Previous reports revealed that, most PBL cases with IBD showed the duration of IBD over 10 years. However, the duration of the case Zanelli reported was only 7 months. The drug duration of this patient was one week of azathiopurine and 2 months of IFX. This case and our case have a short duration of IBD. This short duration may be influenced by the direct effect of immunosuppressive therapy which may have an influence on EBV, in addition to the sustained colonic inflammation as described above. A previous report reported that the risk of lymphoma is elevated by the duration of exposure to thiopurines [17]. The relationship between the development of PBL and the duration of immunosuppressive therapy is still unclear and this needs to be clarified in future.

About half of the PBL cases showed MYC overexpression, as detected in immunohistochemistry [4, 27]. The rearrangement of MYC has been suggested to be involved in the pathogenesis of PBL [30, 31]. To the best of our knowledge, this is the first report of MYC rearrangement in patients with PBL and IBD. In two studies, prognosis reports state that MYC rearrangement is associated with a worse outcome [4, 32].

Owing to its rarity, there is no standard strategy for the treatment of PBL. Additionally, no standard chemotherapy regimen has been established yet. Recently, several studies reported that bortezomib in combination with conventional chemotherapy showed a high response [33, 34]. There are reports showing that hematopoietic cell transplantation is effective, but the number of reported patients is small [35]. Good prognosis is reported to be positively associated with low IPI scores and achievement of complete response [27].

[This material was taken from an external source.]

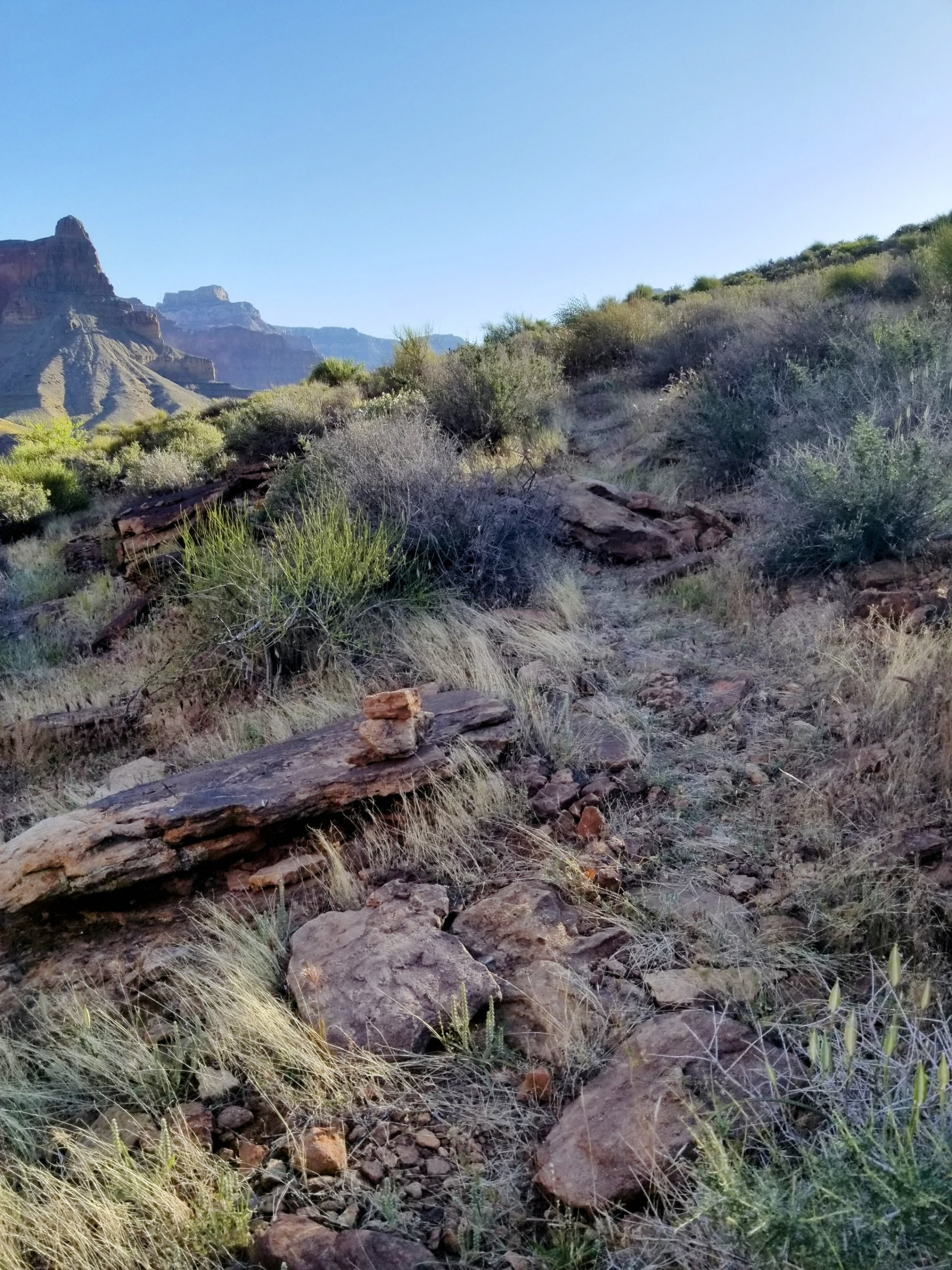 Crossing each of the canyons is always interesting as they are each so unique. I don’t even mind that I’ve crossed through Agate several times before. It brings back fond memories and you know, every season and every time of day is different. The Tonto Trail in total has 33 side canyon to cross. Some are lesser and many are greater. The Gems represent some of the greater ones. Along the way to the back of said greater canyons, there are little side canyons to traverse. These lesser side canyons seem to have a ton of rocks which one must gingerly step over, slowing the pace and making the perception of progress drag out.
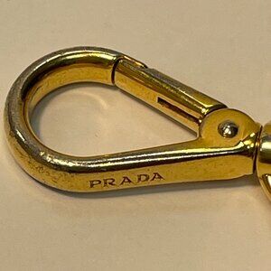 Featuring a bow detail, a front logo plaque, and a hook and split ring.

In IBD patients with cancer, the management of IBD therapy is not clear. In general, it is suggested that thiopurines and anti-TNF antagonists should be stopped until cancer therapy is completed [36]. It is also suggested that among patients with a history of malignancy that do not respond to 5-aminosalicylic acid and local corticosteroids, the use of anti-TNF antagonists and systemic corticosteroids should be considered [36]. There are no reports showing that ustekinumab increased the risk of malignancy in IBD [37]. We considered that biologics may have an influence on the progression of lymphoma and cessation of azathiopurine and ustekinumab administration along with continued prednisolone administration can control UC.

In conclusion, IBD patients with immunosuppressive therapy, especially thiopurines, have a higher potential for developing lymphoproliferative disorders than those without the therapy.

Clinicians should be aware of the risk of lymphoma, including PBL, which shows an aggressive course in IBD patients with immunosuppressive therapy, and they should regularly check for its onset.